See `examples/use_sponsorship_canonicalizer.py`, `examples/use_contract_intelligence.py`, and `examples/apache-log-usecase.md` (with `examples/apache_log_semiformal_stages.py`) for fuller patterns.

## Artifacts and cache

- **Portal**: `.semiformal/{session_id}.portal.json` stores the DAG (slots, commits, branches, refs).
- **Dispatch module**: `.semiformal/runtime/{module_name}.semi.py` holds generated function source for import.
- Deleting `.semiformal/` forces regeneration (use the library’s cache-clear helpers where provided in examples).

## Architecture (summary)

- **Lowering** (`semipy/lowering.py`): Finds `#>` blocks, inline specs, and `semi()` calls; builds `SlotSpec` (including `spec_equivalence_key` for durable meaning). `#<` lines are stripped for identity so annotations do not churn slot ids.
- **Resolution** (`semipy/resolver.py`, `semipy/slot_resolver.py`): REUSE cached implementation when equivalence and verification allow; ADAPT from a parent commit when verify fails; GENERATE when needed. Cross-call-site **donor** REUSE matches the same equivalence key. Runtime PDF paths can be materialized to text at the slot boundary (`semipy/documents.py`).
- **Generation** (`semipy/agents/`): `SemiAgent.generate` runs a pydantic_ai agent with tools (`profile_data_and_flow`, `read_upstream_context`, `read_file_context`, `read_document_context`, `build_and_run_gist`, `validate_output`, etc.). Output is validated (`agents/validator.py`) and committed (`semipy/history/version_control.py`).
- **Reactivity** (`semipy/reactivity/`): Optional `DependencyGraph`, `DataFlow`, and `attach_producer_flow` for downstream tracking.
- **Library** (`semipy/library/`): Optional abstraction primitives (`load_library`, `AbstractionLibrary`, …).

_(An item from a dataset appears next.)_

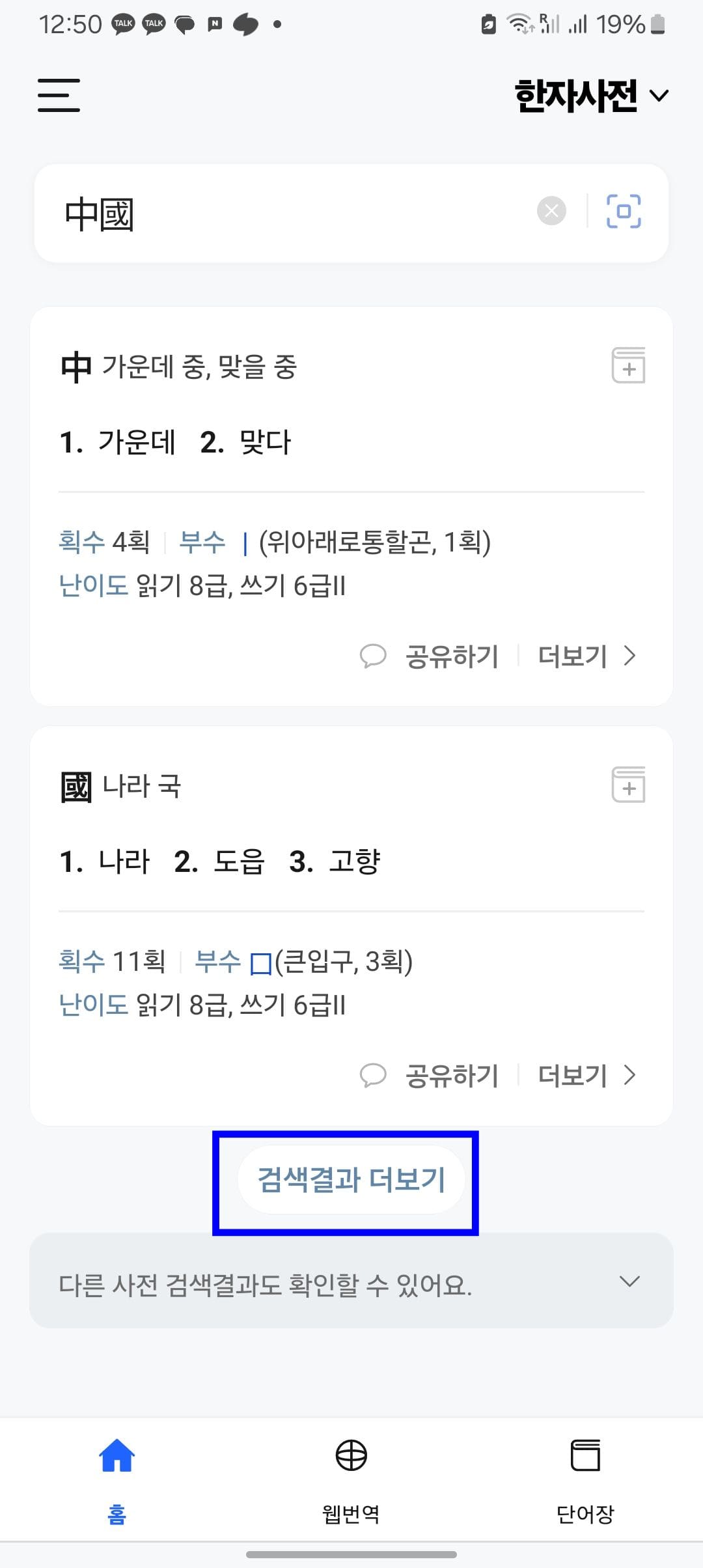 검색결과를 확인해보니 가운데 중과 나라 국이 만나 ‘중국’이 된 것을 확인할 수 있습니다. 하단의 검색결과 더 보기를 선택하면 해당 한자가 사용된 더 많은 단어를 살펴볼 수 있습니다.

For slot identity, verify gates, Jupyter anchoring, STATEMENT_BLOCK typing, and `#<` / `#>` behavior, see **`CLAUDE.md`**.

## Code conventions

Use `from __future__ import annotations`, type hints, and `pathlib.Path` for I/O. Follow project rules in `.cursor/rules/` and `CLAUDE.md` (data-agnostic logic, no placeholder code, no emoji in code or docs).